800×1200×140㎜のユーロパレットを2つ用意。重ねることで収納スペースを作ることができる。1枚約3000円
......
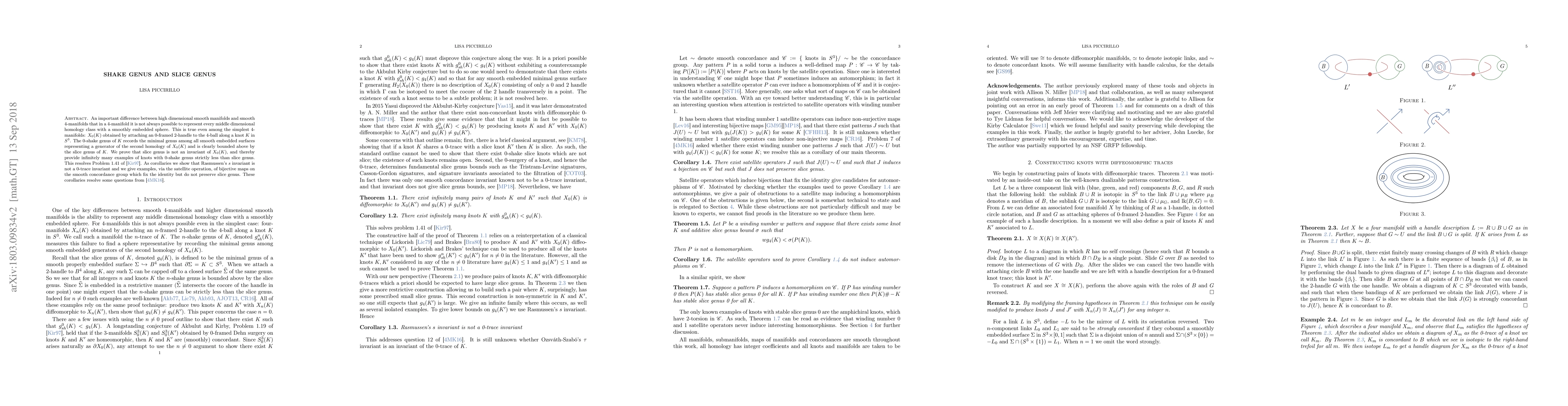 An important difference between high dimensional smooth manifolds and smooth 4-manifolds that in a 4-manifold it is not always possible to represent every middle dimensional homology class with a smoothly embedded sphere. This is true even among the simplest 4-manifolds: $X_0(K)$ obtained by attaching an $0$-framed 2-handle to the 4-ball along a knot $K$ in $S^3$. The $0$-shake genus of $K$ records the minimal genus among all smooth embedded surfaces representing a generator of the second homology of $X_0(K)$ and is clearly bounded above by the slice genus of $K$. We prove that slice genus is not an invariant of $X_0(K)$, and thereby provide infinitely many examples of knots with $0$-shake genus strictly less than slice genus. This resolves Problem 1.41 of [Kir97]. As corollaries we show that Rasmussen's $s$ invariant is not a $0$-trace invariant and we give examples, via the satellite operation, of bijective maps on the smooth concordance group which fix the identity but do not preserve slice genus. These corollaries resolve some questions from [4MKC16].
......
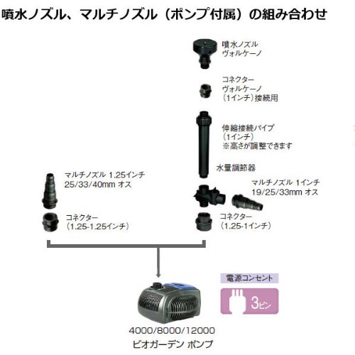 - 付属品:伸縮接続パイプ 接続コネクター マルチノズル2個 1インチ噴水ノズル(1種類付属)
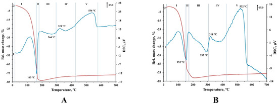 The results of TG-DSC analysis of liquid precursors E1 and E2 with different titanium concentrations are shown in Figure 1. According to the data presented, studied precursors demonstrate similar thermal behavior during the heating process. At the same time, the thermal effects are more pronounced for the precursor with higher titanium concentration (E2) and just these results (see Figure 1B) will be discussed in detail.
......
### Task details
Here the job is to copy the stretch of records from the line containing "- 付属品:伸縮接続パイプ 接続コネクター" through the line containing "The results of", word for word. Leave every picture out.

### Solution to the exercise
 - 付属品:伸縮接続パイプ 接続コネクター マルチノズル2個 1インチ噴水ノズル(1種類付属)
 The results of TG-DSC analysis of liquid precursors E1 and E2 with different titanium concentrations are shown in Figure 1. According to the data presented, studied precursors demonstrate similar thermal behavior during the heating process. At the same time, the thermal effects are more pronounced for the precursor with higher titanium concentration (E2) and just these results (see Figure 1B) will be discussed in detail.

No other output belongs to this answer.